Skip the pictures and copy all the data that follows exactly.
= = =
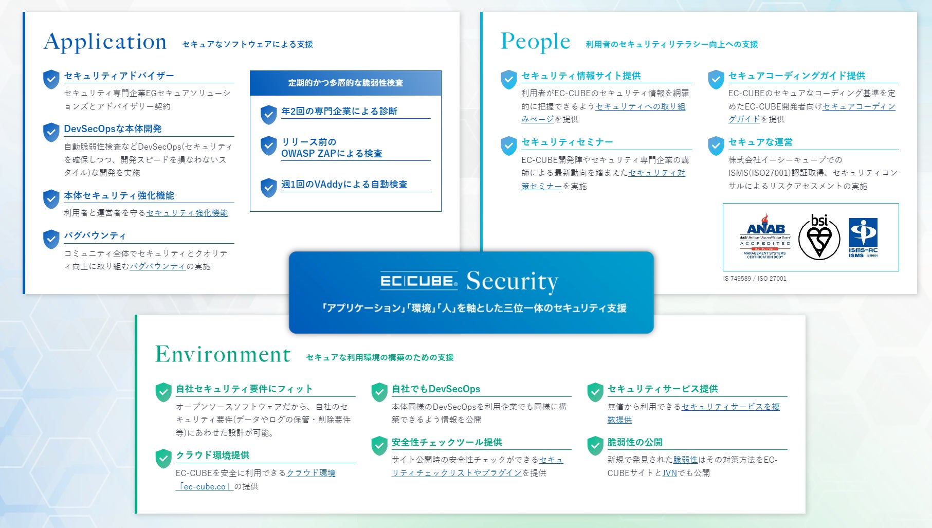 EC-CUBEでは、徹底した情報公開方針のもと、絶えず変化するコンプライアンスニーズや自社のセキュリティ要件に合わせたセキュアな事業運営をしていただけるよう、「アプリケーション」「環境」「人」を軸とした三位一体のセキュリティ支援を行っています。
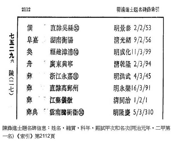 陳彝進士題名碑信息:姓名,籍貫,科年,殿試甲次和名次(同治元年,二甲第一名) 《索引》第2112頁
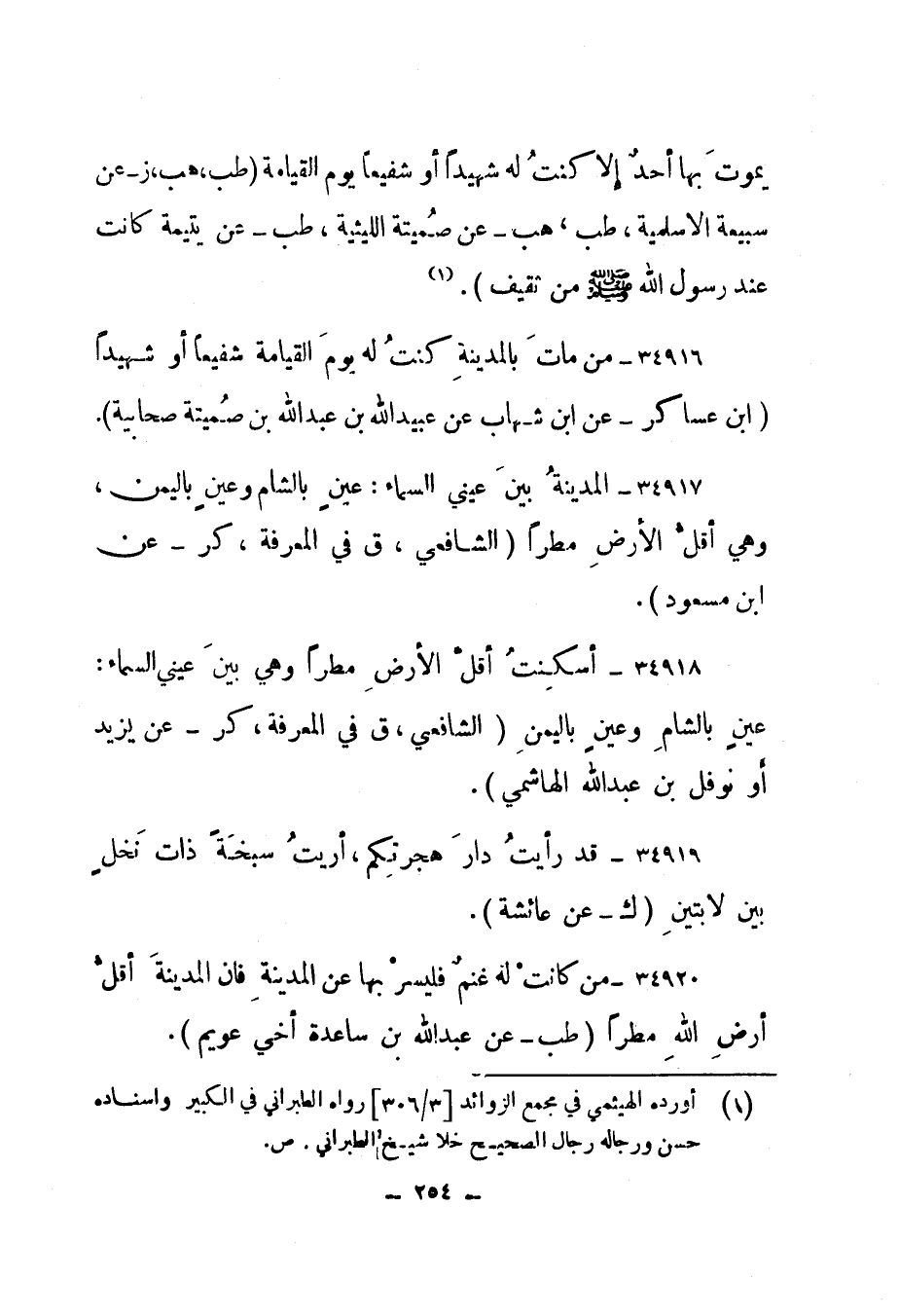 يموت بها أحد إلا كنت له شهيدا أو شفيعا يوم القيامة. " طب، هب، ز - عن سبيعة الأسلمية، طب، هب - عن صميتة اللثيثة، طب - عن يتيمة كانت عند رسول الله صلى الله عليه وسلم من ثقيف". 1
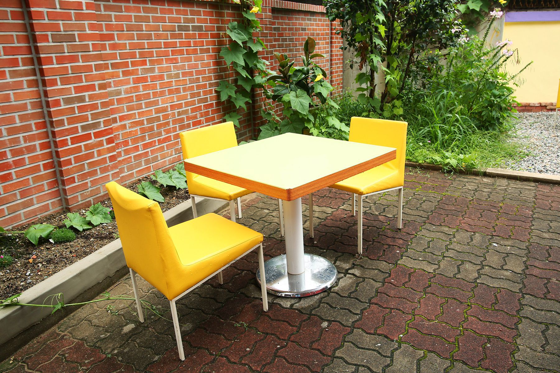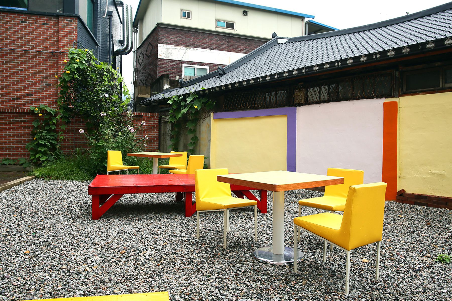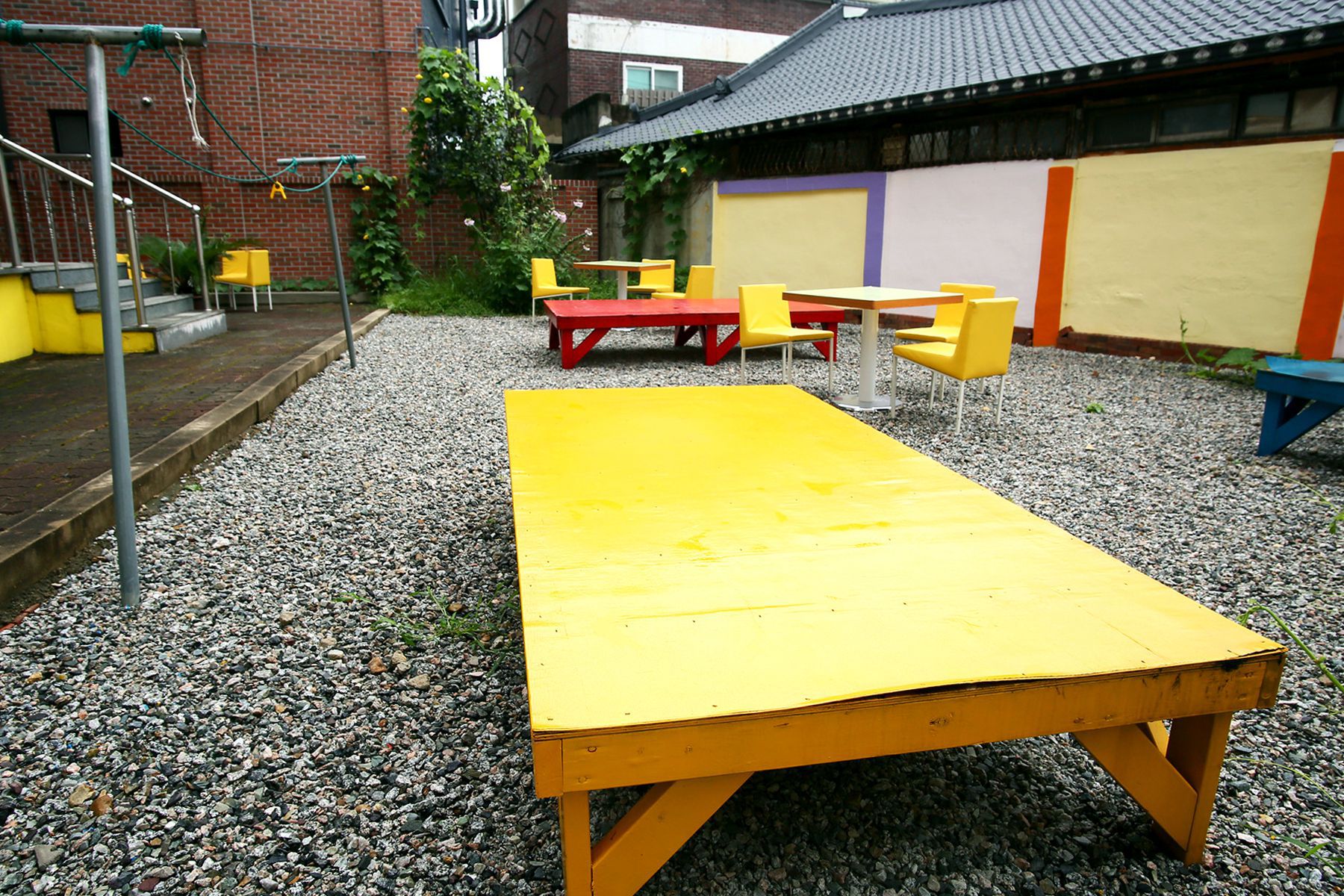애견 동반이 가능하고 예쁜꽃들과 쉴수 있는 평상과 테이블이 마련되어 있어 시골정취가 느껴지는 정감있는 마당이 인상적입니다.
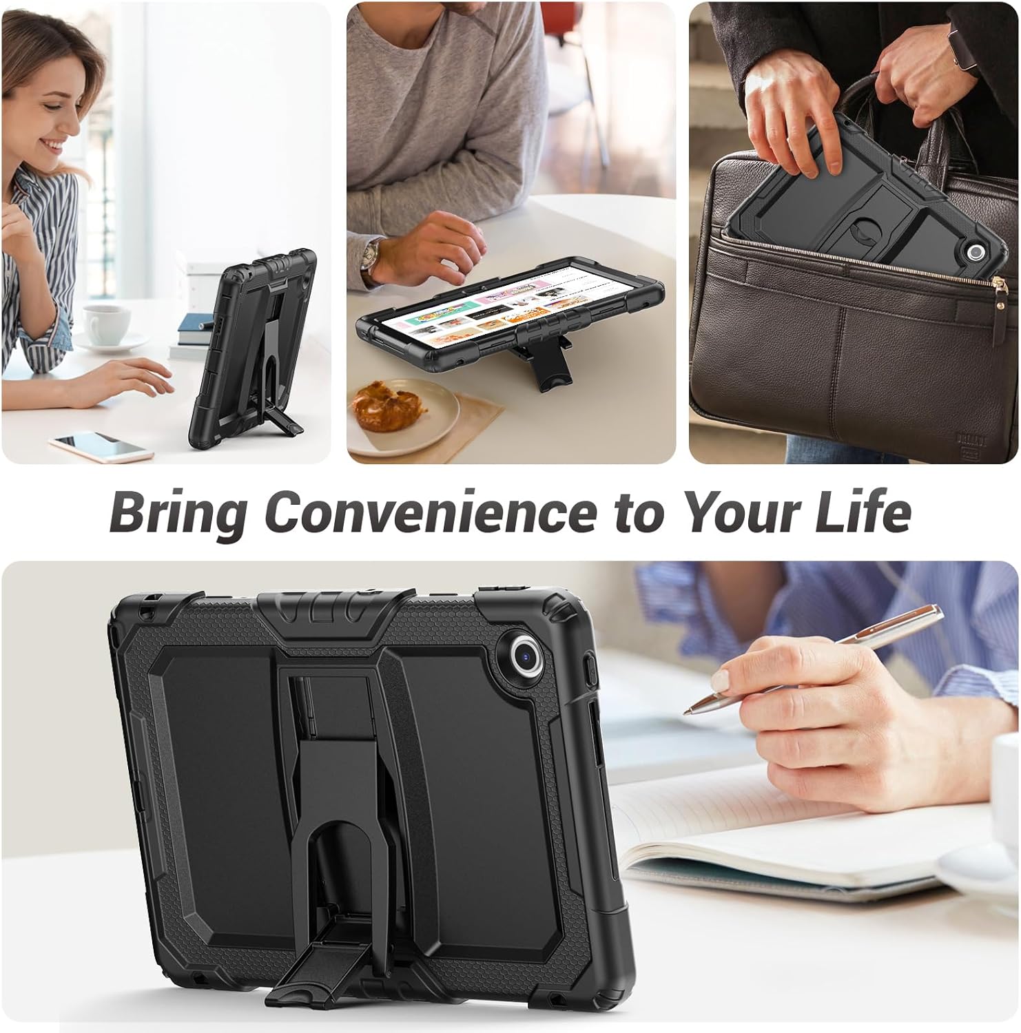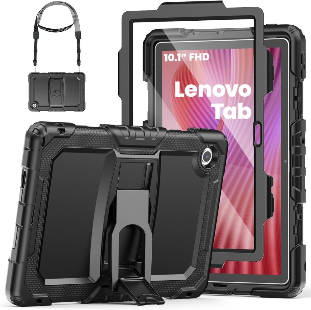 SEYMAC FONDA PARA LENOVO TAB 2025 10.1 Pulgadas (TB-311FU/TB-311XU), Funda Para Lenovo Tab 10.1 2025 A PrueBa de Golpes Contector de Pantalla/Soporte Plegable/Correa para el Hombro, Negro, Negro
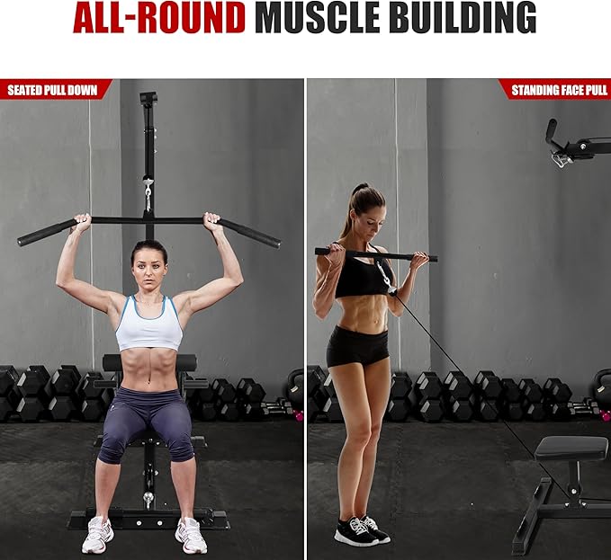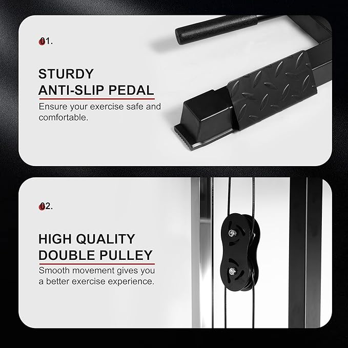 - 【Multi-functional LAT Tower】Set up with high and low pulleys for a variety of exercises, including seated rowing, seated and standing pull downs, biceps curls and other movements. Fully exercise your whole body muscles through training to meet your fitness needs.
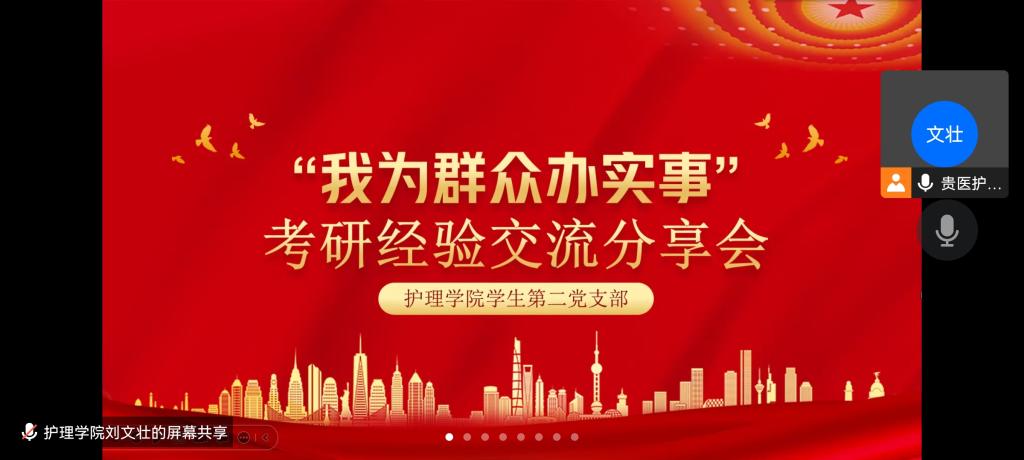 11月30日,为充分发挥优秀学生党员的先锋模范作用,用心用情为学生办实事解难题,美加墨世界杯官方网站学生第二党支部在腾讯会议线上举办了“我为群众办实事”——考研经验交流分享会主题党日活动,研究生党员代表黄虹久面向支部党员及参会的美加墨世界杯官方网站2019级本科生作了考研经验分享报告,会议由党支部书记刘文壮主持。
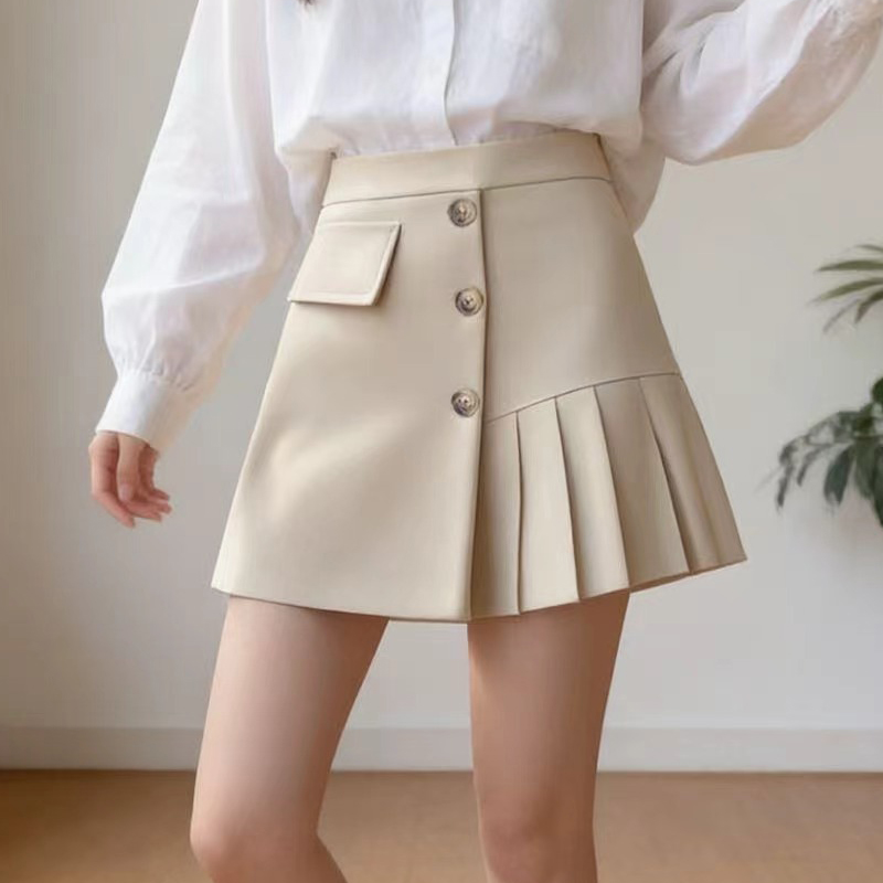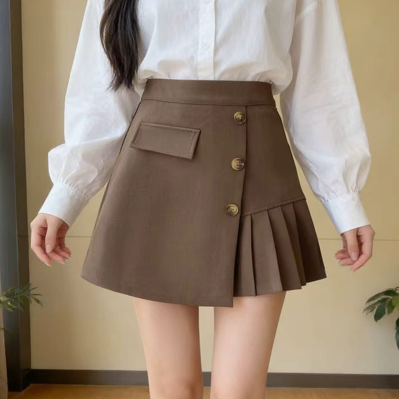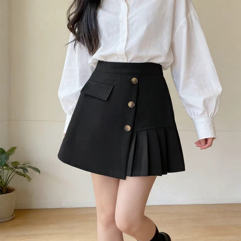 BY13371# 春夏新款高腰短裙显瘦黑色不规则裙子包臀a字裙百褶半身裤裙 服裝批發女裝批發服飾貨源
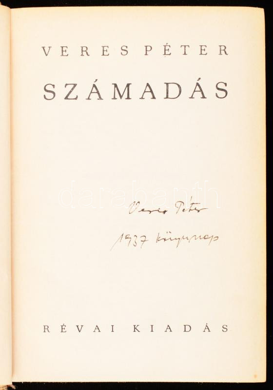 Veres Péter: Számadás. ALÁÍRT! Első kiadás. Bp., 1937, Révai. Kiadói e... https://www.darabanth.com/hu/498-Gyorsarveres/498.0/Konyvek/Konyvek-Egyeb-ritkasagok~3000130/Veres-Peter-Szamadas-ALAIRT-Elso-kiadas-Bp-1937-Revai-Kiadoi-egeszvaszon-kotes-~II3401979
= = =
_Your response:_
 EC-CUBEでは、徹底した情報公開方針のもと、絶えず変化するコンプライアンスニーズや自社のセキュリティ要件に合わせたセキュアな事業運営をしていただけるよう、「アプリケーション」「環境」「人」を軸とした三位一体のセキュリティ支援を行っています。
 陳彝進士題名碑信息:姓名,籍貫,科年,殿試甲次和名次(同治元年,二甲第一名) 《索引》第2112頁
 يموت بها أحد إلا كنت له شهيدا أو شفيعا يوم القيامة. " طب، هب، ز - عن سبيعة الأسلمية، طب، هب - عن صميتة اللثيثة، طب - عن يتيمة كانت عند رسول الله صلى الله عليه وسلم من ثقيف". 1
애견 동반이 가능하고 예쁜꽃들과 쉴수 있는 평상과 테이블이 마련되어 있어 시골정취가 느껴지는 정감있는 마당이 인상적입니다.
 SEYMAC FONDA PARA LENOVO TAB 2025 10.1 Pulgadas (TB-311FU/TB-311XU), Funda Para Lenovo Tab 10.1 2025 A PrueBa de Golpes Contector de Pantalla/Soporte Plegable/Correa para el Hombro, Negro, Negro
 - 【Multi-functional LAT Tower】Set up with high and low pulleys for a variety of exercises, including seated rowing, seated and standing pull downs, biceps curls and other movements. Fully exercise your whole body muscles through training to meet your fitness needs.
 11月30日,为充分发挥优秀学生党员的先锋模范作用,用心用情为学生办实事解难题,美加墨世界杯官方网站学生第二党支部在腾讯会议线上举办了“我为群众办实事”——考研经验交流分享会主题党日活动,研究生党员代表黄虹久面向支部党员及参会的美加墨世界杯官方网站2019级本科生作了考研经验分享报告,会议由党支部书记刘文壮主持。
 BY13371# 春夏新款高腰短裙显瘦黑色不规则裙子包臀a字裙百褶半身裤裙 服裝批發女裝批發服飾貨源
 Veres Péter: Számadás. ALÁÍRT! Első kiadás. Bp., 1937, Révai. Kiadói e... https://www.darabanth.com/hu/498-Gyorsarveres/498.0/Konyvek/Konyvek-Egyeb-ritkasagok~3000130/Veres-Peter-Szamadas-ALAIRT-Elso-kiadas-Bp-1937-Revai-Kiadoi-egeszvaszon-kotes-~II3401979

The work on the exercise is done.